But regardless of that, you get this idea that Google has this sort of sense of how the page performs in their search results. That might be very different across different pages and obviously very different across different sites. So maybe this blog post over here on /blog is doing much, much better in all these metrics and has a much higher quality score as a result.

Current SEO theories about organic quality scoring:

Now, when we talk to SEOs, and I spend a lot of time talking to my fellow SEOs about theories around this, a few things emerge. I think most folks are generally of the opinion that if there is something like an organic quality score…

1. It is probably based on this type of data — queries, clicks, engagements, visit data of some kind.

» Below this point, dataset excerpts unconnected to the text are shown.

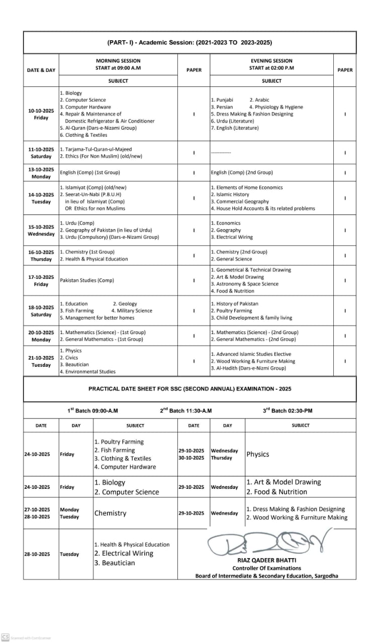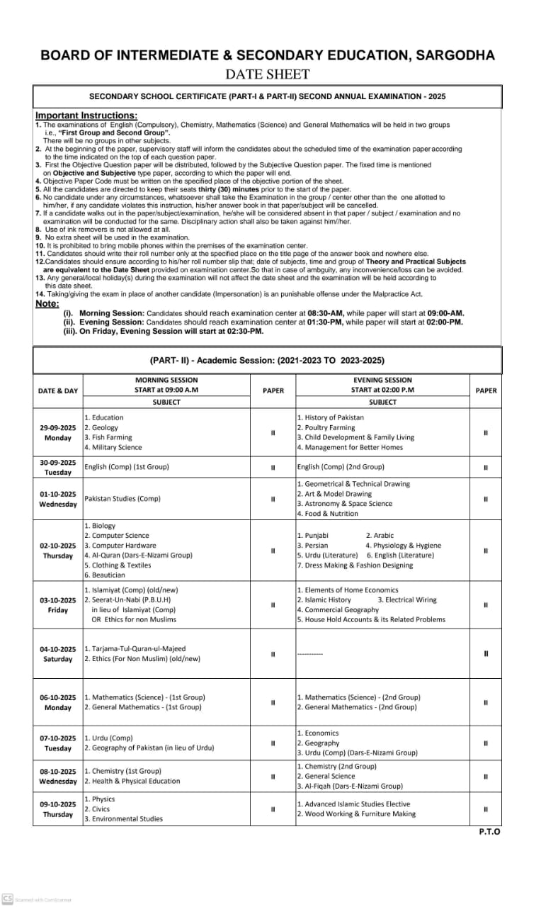 Download Date Sheet For the (Class 9th & 10th) & Composite (2nd Annual) Examination 2025
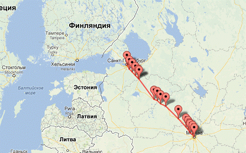 строим схему трассы Санкт-Петербург-Москва (700км).
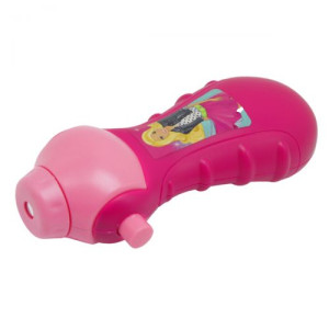 Пластиковый проектор, который может проектировать на стену 24 картинки. При нажатии на кнопку загорается фонарь, который транслирует изображения на поверхность. Верхняя часть проектора вращается на 90 градусов. Работает от батареек.
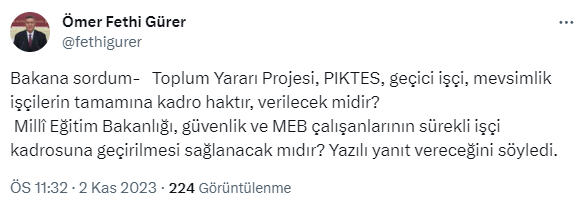 Açıklamasına taşerona kadro konusu ile başlayan Gürer, "Taşeronu da bir açıklayın da çok bekleyen var.'-'Taşeron konusunda hiçbir şey yok mu?Sunumuzda yoktu,şimdi yok.Taşeronda kalanlara sözünüz var,kadro vermeyecekmisiniz?Bu binlerce insanı ilgilendiren bir konu.'Bakan,#Taşeron hiç konuşmadı.Yazılı yanıt verecek" sorusunu sordu.
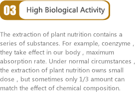 A torrent of broken technology makes the plants release nutrition, holds active ingredient, absorbs hot and cold and exploitstarget. It rejects pesticide residue, heavy metal and additive within the whole process. We knew that we can do nothing about renewing contaminated lands and air,but we can renew the plants to organic state from 100 years ago and restore you a pure and clean plant molecular.
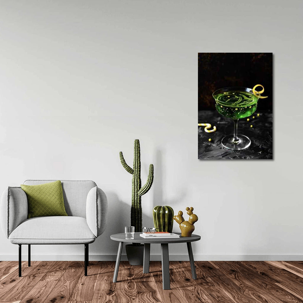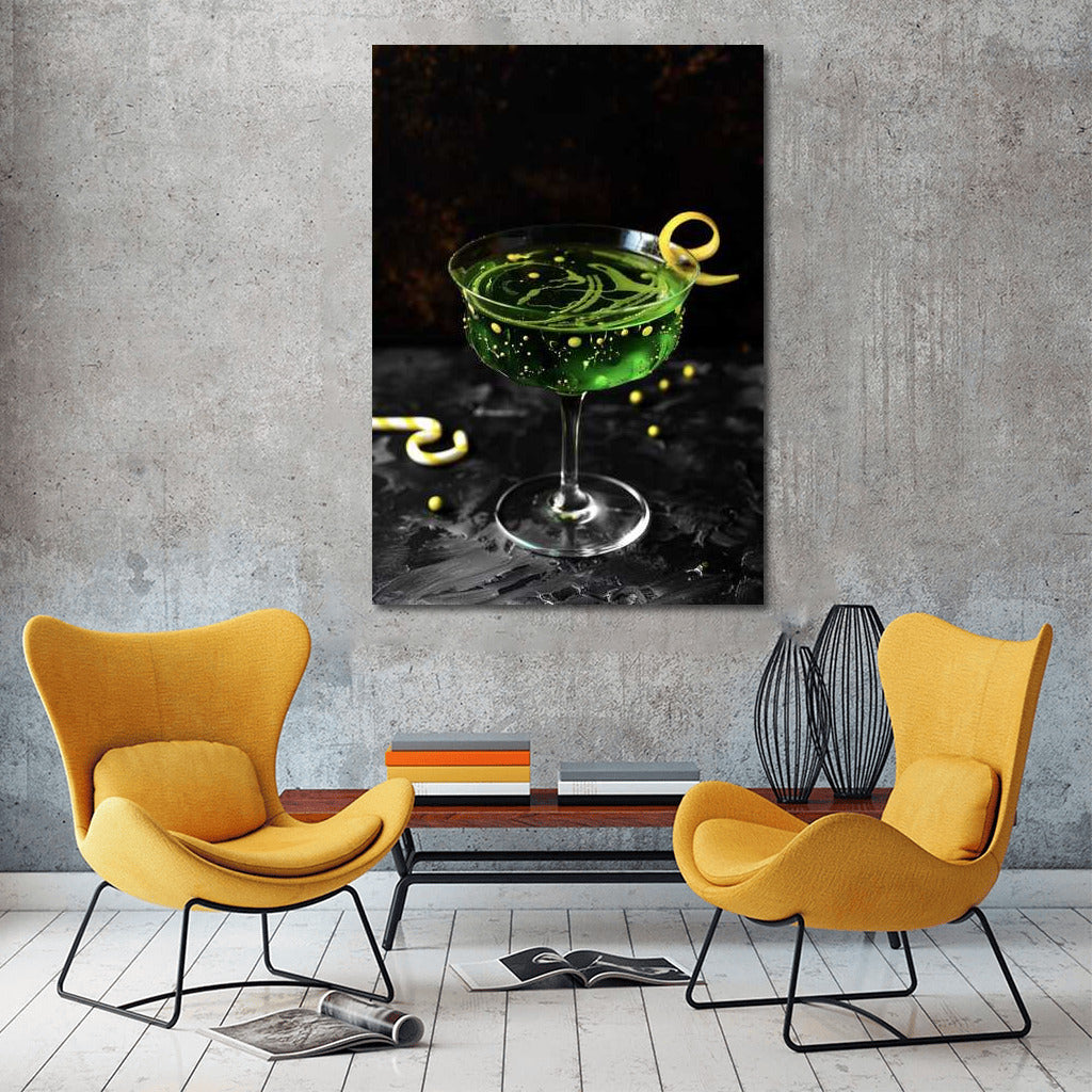 A rich green cocktail in a glass, the embodiment of freshness and style. This poster will be the highlight of your wall art. See more from the collection: Food Art
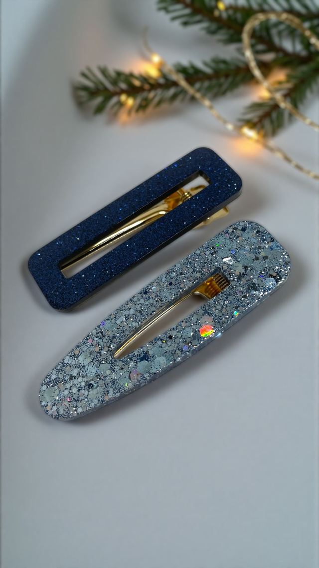 1. Deux barrettes assorties (pinces crocodiles, environ 6 cm) qui tiennent parfaitement dans les cheveux
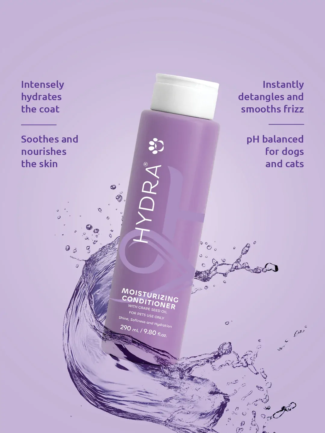 Hydra Moisturizing Conditioner is a rich, pH-balanced pet conditioner infused with soothing Oat Extract and nourishing Grapeseed Oil. This ultra-conditioning formula melts into the coat, reducing frizz, improving shine, and making detangling effortless. Ideal for dogs and cats of all breeds and coat types over 4 weeks of age.
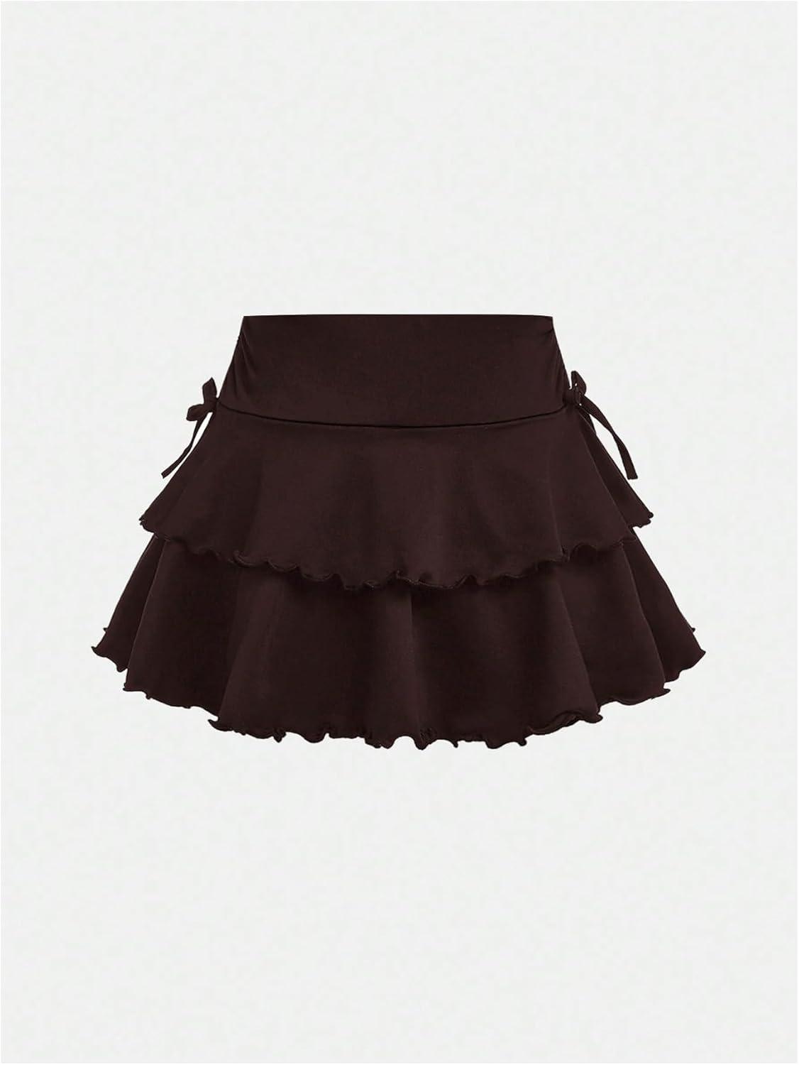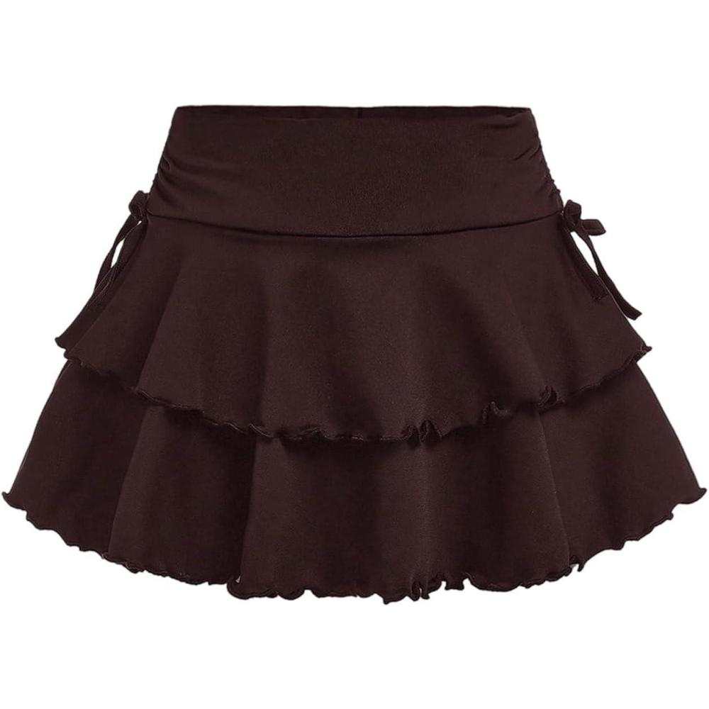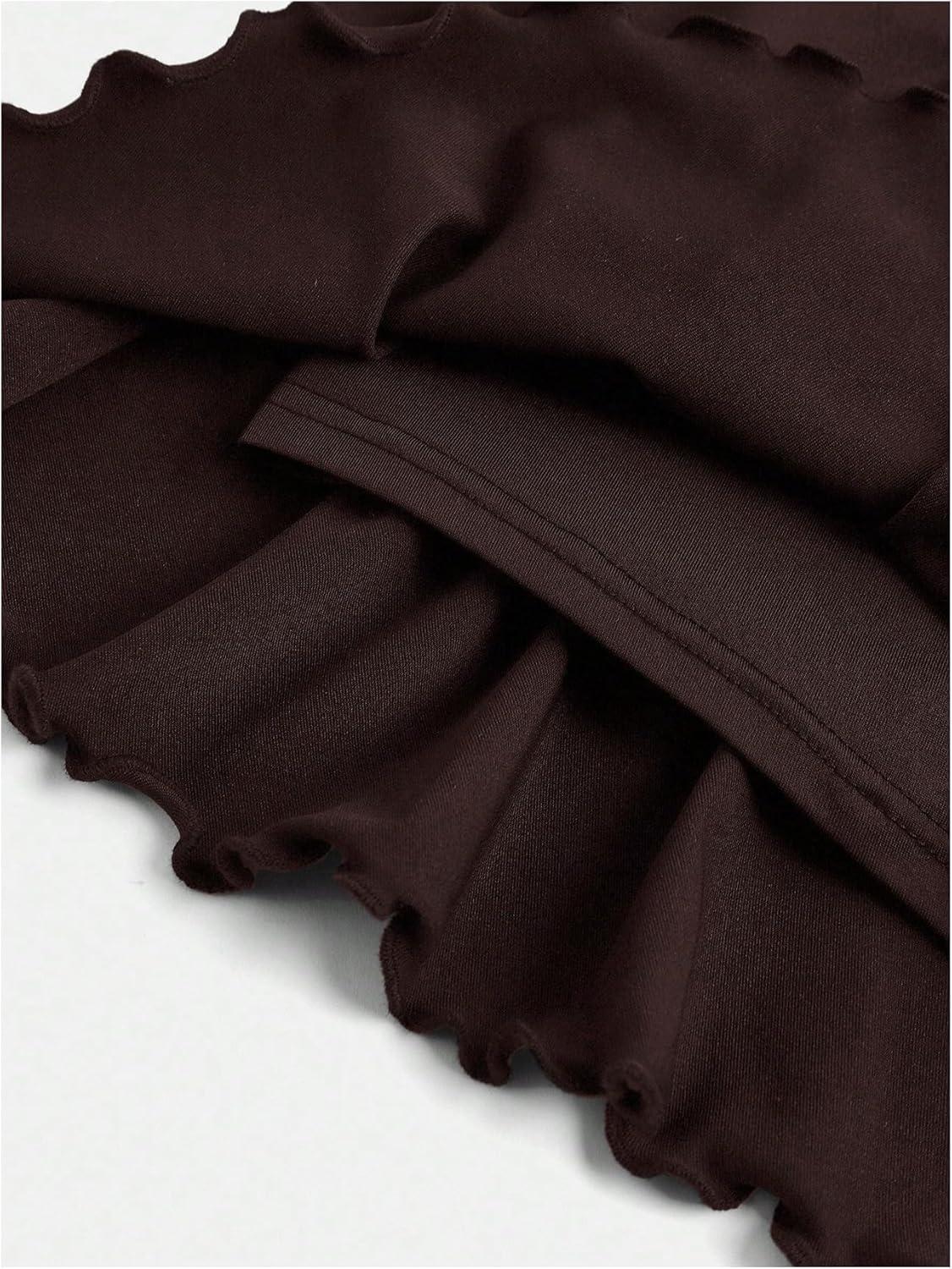 SOLY HUX Girl’s Cute Mini Skirts High Waisted Ruffle Layered Skirts Swing Flowy Skater Tennis Skirt(Plain Brown)
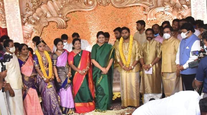 இந்த நிலையில் சற்று முன்னர் இந்த திருமணத்திற்கு கலந்து கொள்ள சசிகலா வருகை தந்தார். அவர் அதிமுக கொடி கட்டப்பட்ட காரில் இந்த திருமணத்திற்கு வருகை தந்தது பெரும் பரபரப்பை ஏற்படுத்தியது. சசிகலா மணமக்களுக்கு தனது ஆசையை வழங்கினார். மேலும் திருமணம் முடியும்வரை அவர் திருமண நிகழ்ச்சியில் கலந்து கொள்ள முடிவு செய்துள்ளார்.
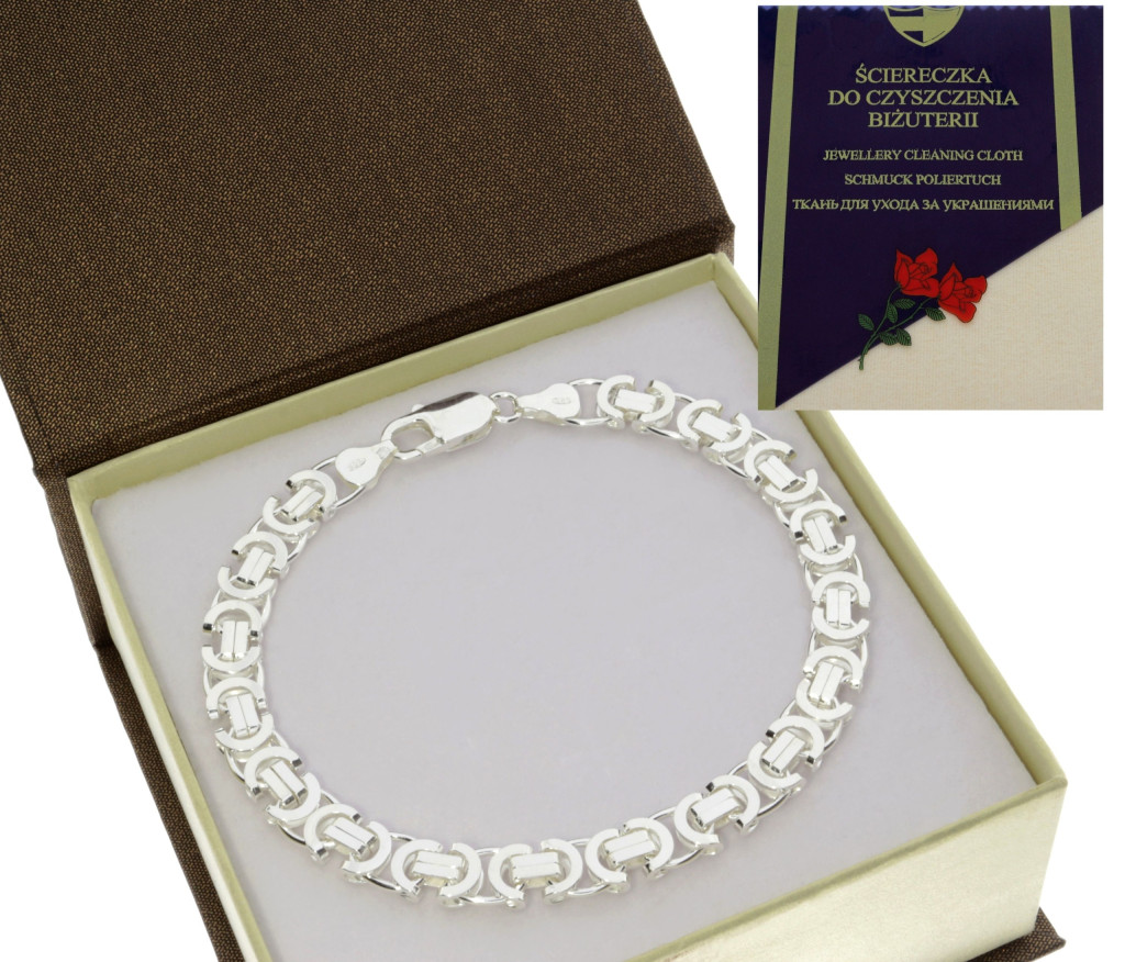 Bransoleta wykonana jest ze srebra próby 925. Zgodnie z Polskim prawem każdy wyrób w którym waga przekracza 5 gramów przebadany i ocechowany jest przez Państwowy Urząd Probierczy. Produkt ,który otrzymasz będzie w 100% zgodny z opisem.
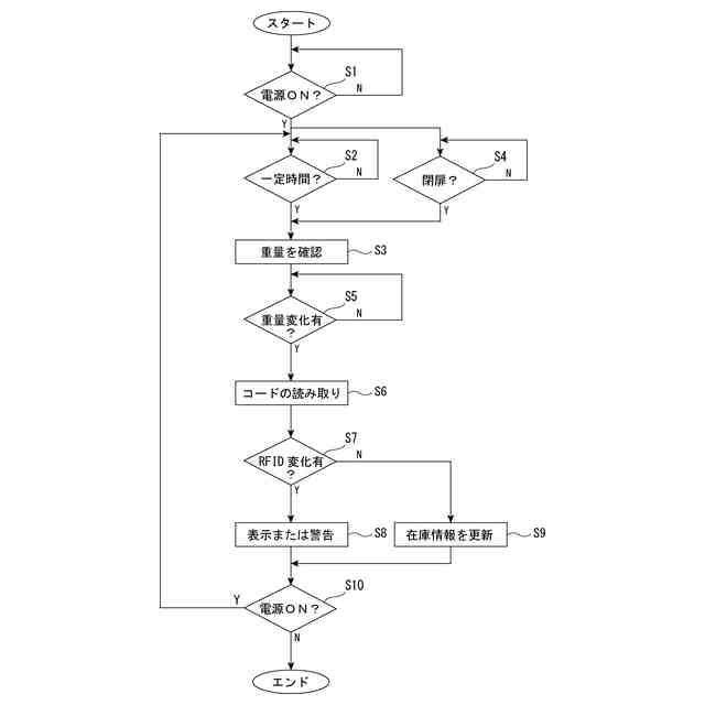 その後、前記在庫情報として記憶された識別コードと前記ICタグから読み取った識別コードとを比較して変化があった場合に、前記収容物の入れ替えがあったものと判断し、その旨の画面表示または照明や音声による警告を行うとともに、前記RFIDリーダーを介して読み取った識別コードに基づいて在庫情報を更新する、

We don’t doubt for a minute that Google has much more sophistication than the super-simplified stuff that I’m showing you here. I think Google publicly denies a lot of single types of metric like, “No, we don’t use time on site. Time on site could be very variable, and sometimes low time on site is actually a good thing.” Fine. But there’s something in there, right? They use some more sophisticated format of that.

2. We also are pretty sure that this is applying on three different levels:

This is an observation from experimentation as well as from Google statements which is…

  • Domain-wide, so that would be across one domain, if there are many pages with high quality scores, Google might view that domain differently from a domain with a variety of quality scores on it or one with generally low ones.
  • Same thing for a subdomain. So it could be that a subdomain is looked at differently than the main domain, or that two different subdomains may be viewed differently. If content appears to have high quality scores on this one, but not on this one, Google might generally not pass all the ranking signals or give the same weight to the quality scores over here or to the subdomain over here.
  • Same thing is true with subfolders, although to a lesser extent. In fact, this is kind of in descending order. So you can generally surmise that Google will pass these more across subfolders than they will across subdomains and more across subdomains than across root domains.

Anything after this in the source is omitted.